3. Results and discussion

3.1. Electronic structure

The crystal structures of BTBT–F_mTCNQ and diC_nBTBT–F_mTCNQ were taken from the Cambridge Structural Database (the unit-cell parameters are collected in Table S1 in the ESI‡).^25,28 BTBT–TCNQ, BTBT–F₂TCNQ, and diC_nBTBT–F_mTCNQ (n = 8, 12; m = 0, 4) co-crystals belong to the triclinic space group P1̄, while the BTBT–F₄TCNQ co-crystal belongs to the monoclinic P2₁/c space group. All co-crystals considered in this work are characterized by a 1 : 1 stoichiometry and crystallize as mixed stacks. The DA stacks in BTBT–TCNQ, BTBT–F₂TCNQ, and diC_nBTBT–F_mTCNQ co-crystals are located along the a crystallographic axis while those in BTBT–F₄TCNQ are along the b axis (see Fig. S1, ESI‡). In all systems, the donor and acceptor molecules are equidistant from each other along the stacking directions.

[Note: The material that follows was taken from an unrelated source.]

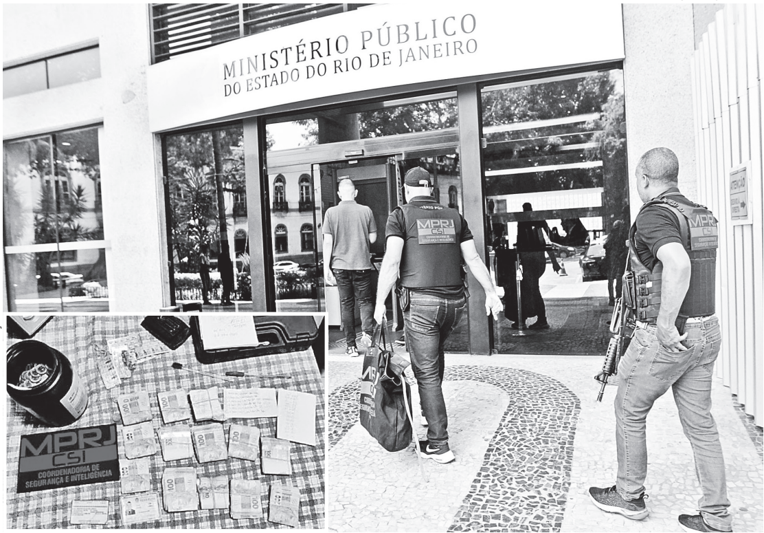
Operação Ministério Público do Rio contra policiais militares suspeitos de envolvimento com milicianos

Segundo denúncia do Grupo de Atuação Especializada no Combate ao

The electronic band structures and the densities of states of the co-crystals are given in Fig. 2 and 3, while Table 1 collects the widths of the conduction bands (CB) and valence bands (VB) along with the effective masses for each co-crystal (see also Table S2, ESI‡ for additional details). The CB widths are found to be significant, in the range of 280–380 meV, and are comparable to those already reported in the literature for co-crystals based on TCNQ and F₄TCNQ acceptors.^8,37 The largest values among the CB widths are estimated for the BTBT–F₂TCNQ, BTBT–F₄TCNQ, diC₈BTBT–F₄TCNQ, and di-C₁₂BTBT–F₄TCNQ co-crystals; this is due to the large effective (superexchange) transfer integral (∼60–80 meV) present along the stacking directions (see Table 2).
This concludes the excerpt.